Bu mikro strateji dalgası esasen kripto paraların anlatım yönünü yeniden şekillendirdi. Geçmişte, projeler projeler oluşturarak ve teknolojik anlatıları yayarak esas olarak risk sermayesi ve piyasa perakendecilerine, yani kripto dünyasının yerli halkına hitap ediyordu. Ancak şimdi yeni anlatım, ister gerçek dünya varlıkları ister geleneksel finans olsun, Wall Street'e anlatılmak zorunda.
Temel fark, Wall Street'in saf kavramlarla kandırılamayacağıdır; ürün ile pazarın uyumunu - gerçek kullanıcı büyümesi, gelir modeli, pazar büyüklüğü vb. - gerektirir. Bu, kripto projelerini "teknolojik anlatım odaklı" olmaktan "ticari değer odaklı" olmaya zorlamakta ve bu, daha önceki rakiplerin Ethereum'a getirdiği baskıdır; sonuçta bu meydan okumayla yüzleşmek zorundalar.
Bu turda mikro strateji konseptine katılan ABD hisse senedi işlem tarafları, genellikle geleneksel sermaye piyasası işlerinde büyüme sıkıntısı çeken ve kripto paraları entegre ederek yeni atılımlar arayan şirketlerdir. Kripto varlıklara tamamen yatırım yapmayı seçmelerinin nedeni genellikle ana iş kollarının büyüme noktalarından yoksun olması ve yeni bir değer büyüme motoru arayışında olmalarıdır.
Bu operasyonel aktörler bu kadar agresif olmalarının büyük bir kısmı, ABD hükümetinin kripto sektöründeki reformları düzenleyici mekanizmalar olgunlaşmadan önceki "arbitraj penceresi"ni kuvvetle desteklemesinden kaynaklanıyor. Kısa vadede gerçekten birçok hukuki ve uyum boşluğundan yararlandılar, örneğin muhasebe standartlarının kripto varlık sınıflandırmasındaki belirsizlik, SEC'in açıklama gerekliliklerindeki genişlik, vergi işlemlerinin gri alanları gibi.
MicroStrategy'nin başarısı büyük ölçüde bu BTC süper boğa piyasasının getirilerine bağlıdır, ancak kopyalayıcılar aynı şansa ve işlem yeteneğine sahip olmayabilirler. Bu nedenle, bu işlem konusu tarafından sağlanan piyasa heyecanı, daha önceki yalnızca kripto orijinal anlatı spekülasyonundan çok da farklı değildir, özünde yine bir kumar ve deneme yanılma sürecidir, yatırımcıların risklere karşı dikkatli olmaları gerekmektedir.

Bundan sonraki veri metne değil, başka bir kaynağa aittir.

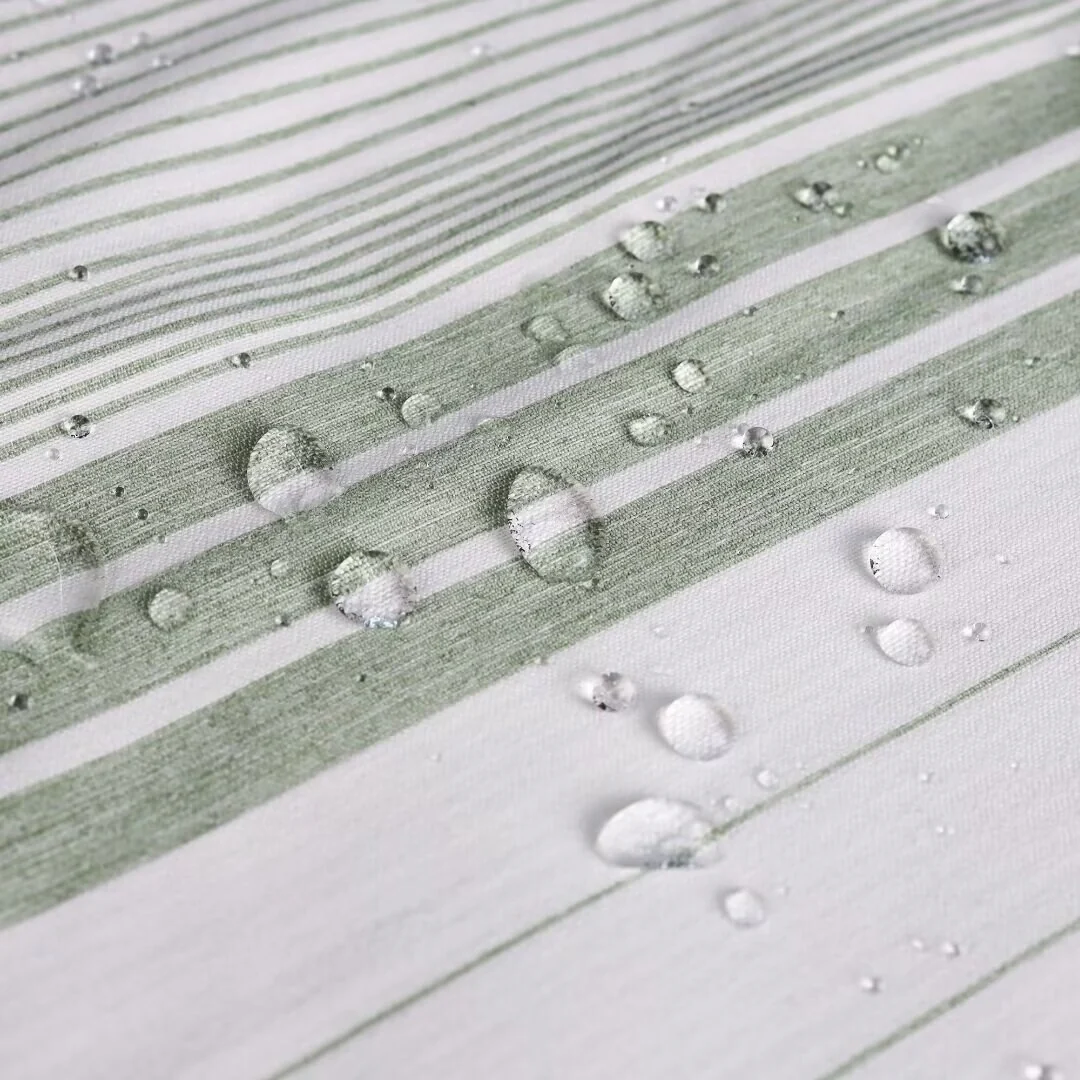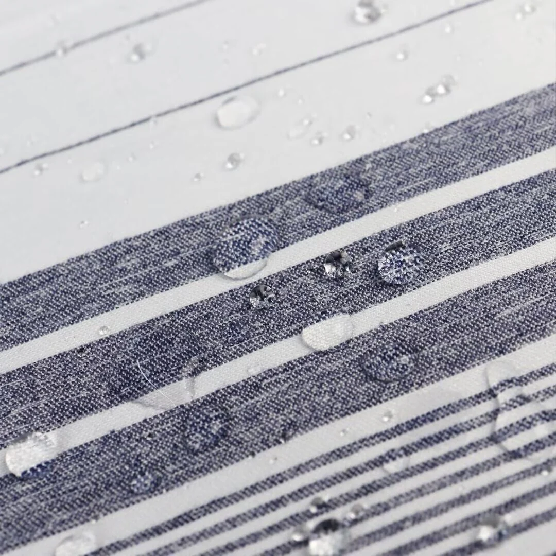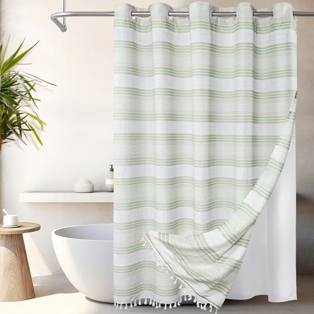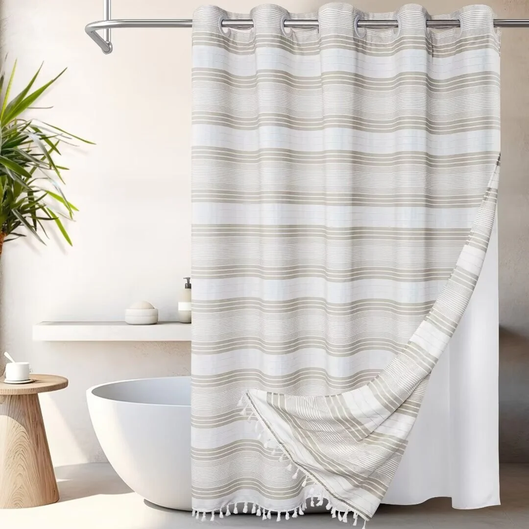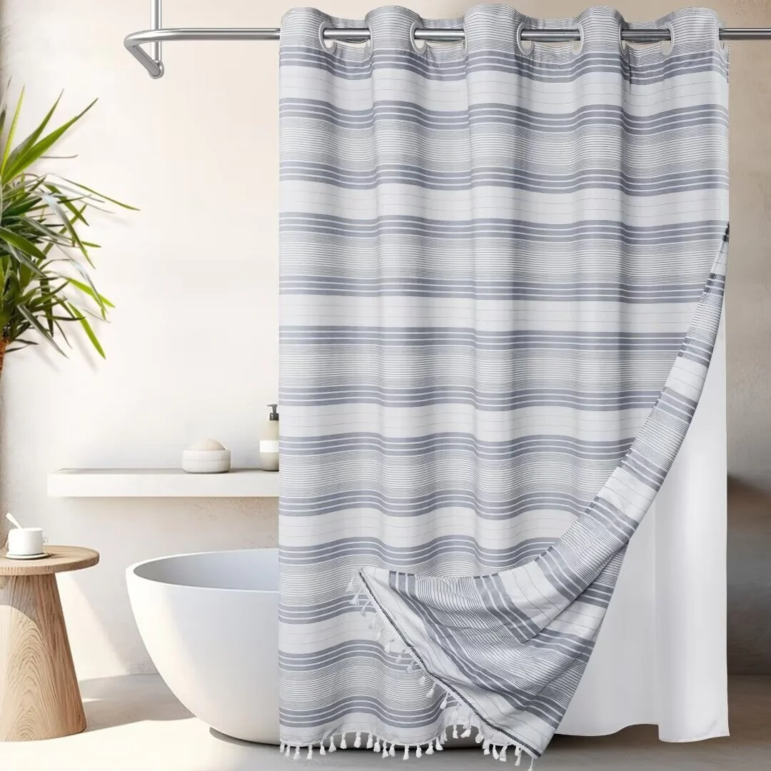 The vibrant beach stripe design brings a refreshing coastal vibe to your bathroom. Its breezy, summery colors evoke the feeling of being by sea, making your space feel more relaxed and inviting. The bottom tassels add bohemian touch, enhancing the overall aesthetic appeal of the shower curtain. The no hook design makes setup quick and hassle-free, no additional hooks needed. Featuring the snap-in water repellent liner, it helps to prevent the water from splashing out and keeping your bathroom dry, while protecting your outer shower curtain. Perfect for various bathroom styles.

Bu mikro strateji dalgası, kripto paraların ana akım finansal sisteme girişi için bir "büyük tatbikat" gibidir. Başarılı olursa herkes mutlu olur, başarısız olursa da bu bir küçük zaferdir (. Sonuçta, ETH'yi anlatım eksikliği çukurundan çıkarma girişimi, başarısızlık da olsa bir ilerlemedir ).